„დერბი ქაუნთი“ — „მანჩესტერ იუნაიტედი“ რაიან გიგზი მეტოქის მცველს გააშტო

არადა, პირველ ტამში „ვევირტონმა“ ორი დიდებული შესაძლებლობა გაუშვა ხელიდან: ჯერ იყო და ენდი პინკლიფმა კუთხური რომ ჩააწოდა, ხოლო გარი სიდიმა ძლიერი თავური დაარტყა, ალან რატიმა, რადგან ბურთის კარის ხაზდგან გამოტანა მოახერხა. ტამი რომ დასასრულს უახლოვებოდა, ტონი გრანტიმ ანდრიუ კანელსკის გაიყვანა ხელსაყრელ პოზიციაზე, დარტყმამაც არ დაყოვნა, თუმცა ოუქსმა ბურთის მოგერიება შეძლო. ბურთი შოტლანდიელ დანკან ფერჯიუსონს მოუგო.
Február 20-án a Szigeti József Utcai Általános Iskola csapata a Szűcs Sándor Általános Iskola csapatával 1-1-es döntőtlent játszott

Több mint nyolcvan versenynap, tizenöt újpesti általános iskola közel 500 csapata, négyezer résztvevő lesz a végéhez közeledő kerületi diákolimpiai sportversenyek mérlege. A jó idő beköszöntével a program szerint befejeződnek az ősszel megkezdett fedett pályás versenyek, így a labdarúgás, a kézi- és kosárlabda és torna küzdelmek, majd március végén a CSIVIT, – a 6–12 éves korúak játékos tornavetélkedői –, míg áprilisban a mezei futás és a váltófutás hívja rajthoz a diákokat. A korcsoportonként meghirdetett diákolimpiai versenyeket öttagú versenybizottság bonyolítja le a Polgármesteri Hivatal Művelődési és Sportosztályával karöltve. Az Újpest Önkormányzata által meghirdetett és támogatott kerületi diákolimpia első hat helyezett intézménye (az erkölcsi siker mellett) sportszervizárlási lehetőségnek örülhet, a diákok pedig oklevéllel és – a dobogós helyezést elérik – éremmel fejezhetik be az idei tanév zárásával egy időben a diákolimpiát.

Work to be completed: Word for word, quote the lines of the material from the first line through the line with "Február 20-án a", both ends included.

Solution for this problem:
„დერბი ქაუნთი“ — „მანჩესტერ იუნაიტედი“ რაიან გიგზი მეტოქის მცველს გააშტო

არადა, პირველ ტამში „ვევირტონმა“ ორი დიდებული შესაძლებლობა გაუშვა ხელიდან: ჯერ იყო და ენდი პინკლიფმა კუთხური რომ ჩააწოდა, ხოლო გარი სიდიმა ძლიერი თავური დაარტყა, ალან რატიმა, რადგან ბურთის კარის ხაზდგან გამოტანა მოახერხა. ტამი რომ დასასრულს უახლოვებოდა, ტონი გრანტიმ ანდრიუ კანელსკის გაიყვანა ხელსაყრელ პოზიციაზე, დარტყმამაც არ დაყოვნა, თუმცა ოუქსმა ბურთის მოგერიება შეძლო. ბურთი შოტლანდიელ დანკან ფერჯიუსონს მოუგო.
Február 20-án a Szigeti József Utcai Általános Iskola csapata a Szűcs Sándor Általános Iskola csapatával 1-1-es döntőtlent játszott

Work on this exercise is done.